Print every entry below again exactly as written, skipping the pictures.

+++++

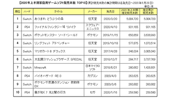 KADOKAWAのゲーム総合情報メディア「ファミ通」は、2020年上半期の国内家庭用ゲームソフトとハードの売上速報を、7月9日に発表した。集計期間は、2019年12月30日~6月28日。
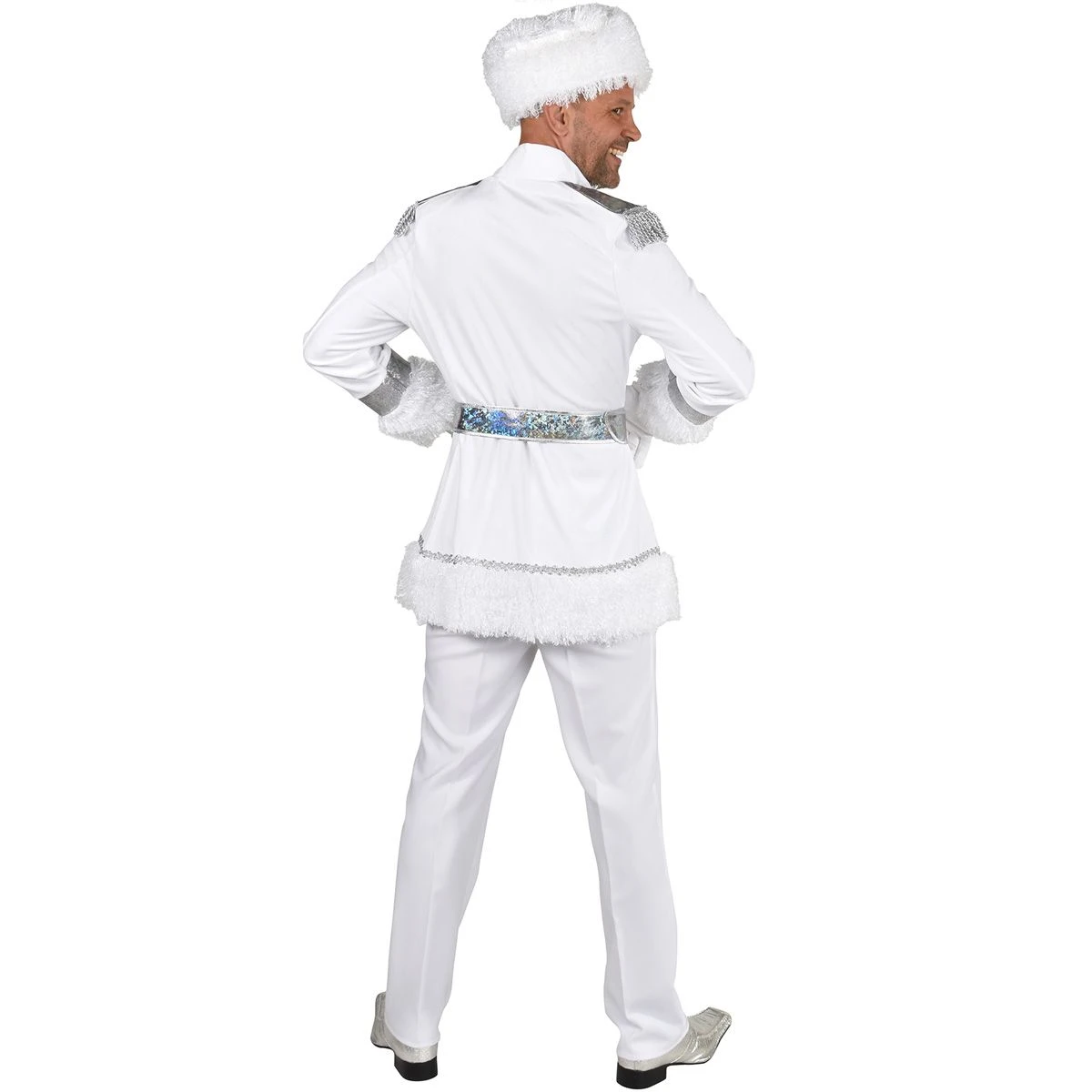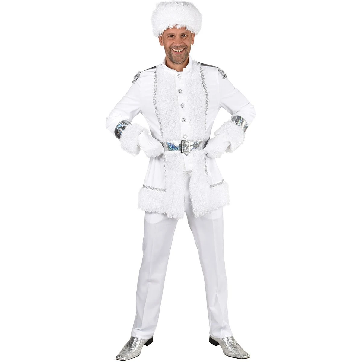Super mooie witte ijsmantel voor heren. De mantel is afgewerkt met glinsterend zilveren accenten en epauletten. Combineer de mantel met een witte broek en een bontmuts om je look compleet te maken!
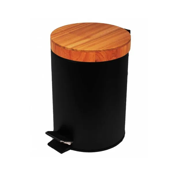 Stalowy kosz na śmieci z klapką bambusową otwieraną pedałem.Wykonany jest ze stali nierdzewnej lakierowanej na kolor czarny matowy
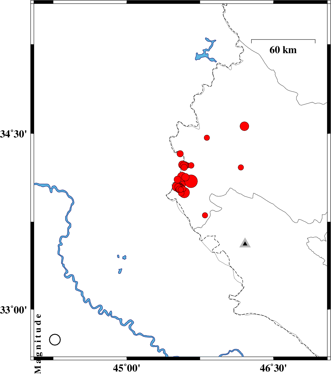 2019/01/01 12:37:22.9 16:07:22.9 33.86845.81314 ML2.6 Kermanshah Province, 32 km South-West of Gilan-E-Gharb
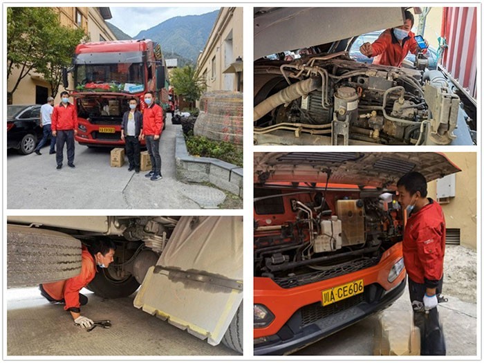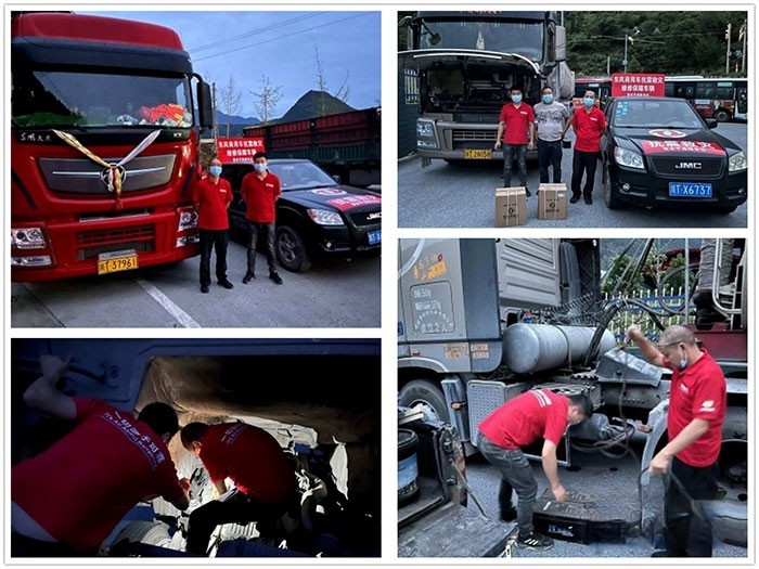 根據應急方案,由甘孜州新興汽車技術服務有限公司、雅安亨通技術服務站、西部石棉強聯工貿有限公司3家服務骨干單位前往災區,為所有參加救援、運送物資、搶險的東風車輛提供檢修、免費換機油、送尿素、送飲用水和方便面等服務。
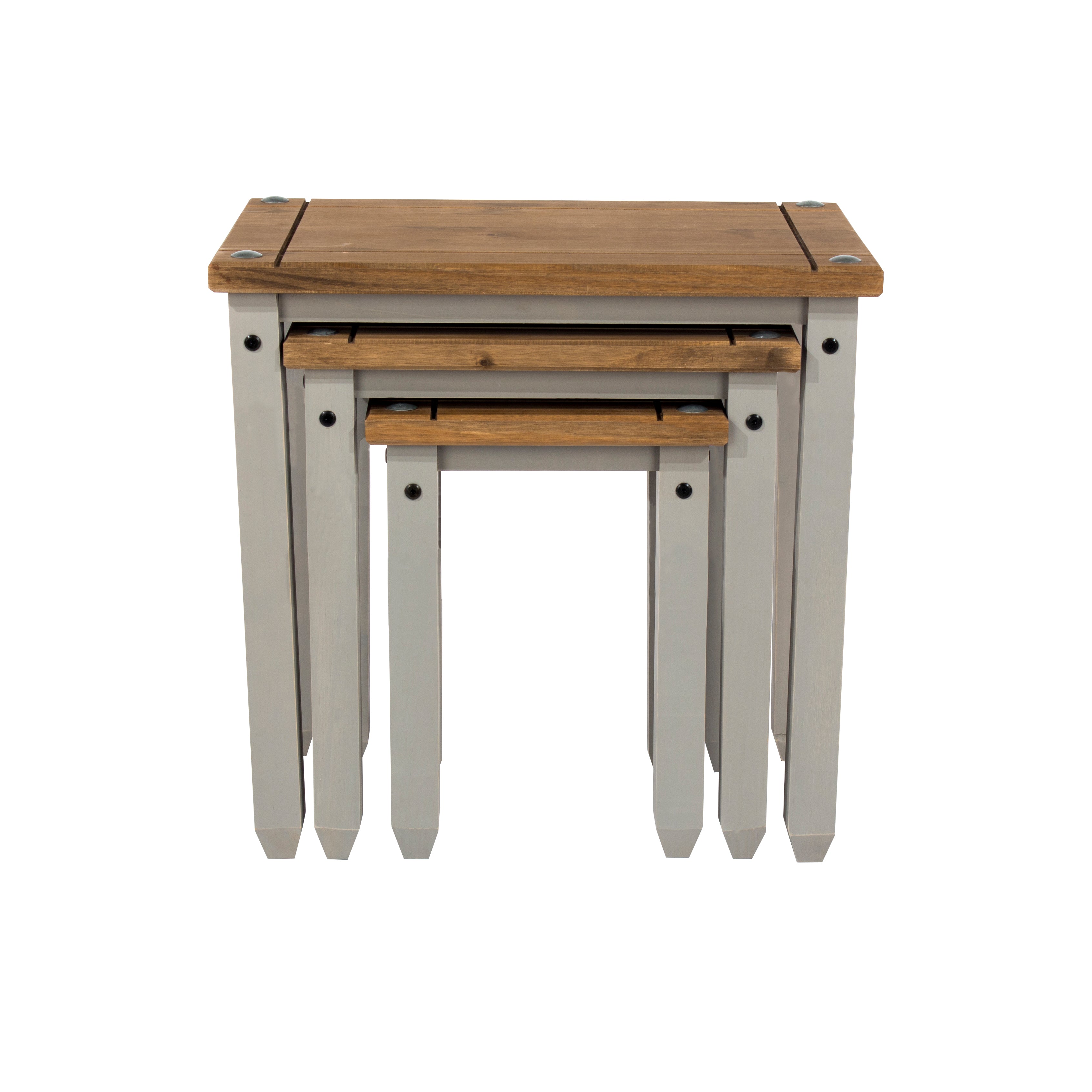 Corona Grey Nest Of Tables Grey Wax Antique Waxed Pine (Self Assembly) (DHD)

+++++

# WRITTEN RESPONSE
 KADOKAWAのゲーム総合情報メディア「ファミ通」は、2020年上半期の国内家庭用ゲームソフトとハードの売上速報を、7月9日に発表した。集計期間は、2019年12月30日~6月28日。
Super mooie witte ijsmantel voor heren. De mantel is afgewerkt met glinsterend zilveren accenten en epauletten. Combineer de mantel met een witte broek en een bontmuts om je look compleet te maken!
 Stalowy kosz na śmieci z klapką bambusową otwieraną pedałem.Wykonany jest ze stali nierdzewnej lakierowanej na kolor czarny matowy
 2019/01/01 12:37:22.9 16:07:22.9 33.86845.81314 ML2.6 Kermanshah Province, 32 km South-West of Gilan-E-Gharb
 根據應急方案,由甘孜州新興汽車技術服務有限公司、雅安亨通技術服務站、西部石棉強聯工貿有限公司3家服務骨干單位前往災區,為所有參加救援、運送物資、搶險的東風車輛提供檢修、免費換機油、送尿素、送飲用水和方便面等服務。
 Corona Grey Nest Of Tables Grey Wax Antique Waxed Pine (Self Assembly) (DHD)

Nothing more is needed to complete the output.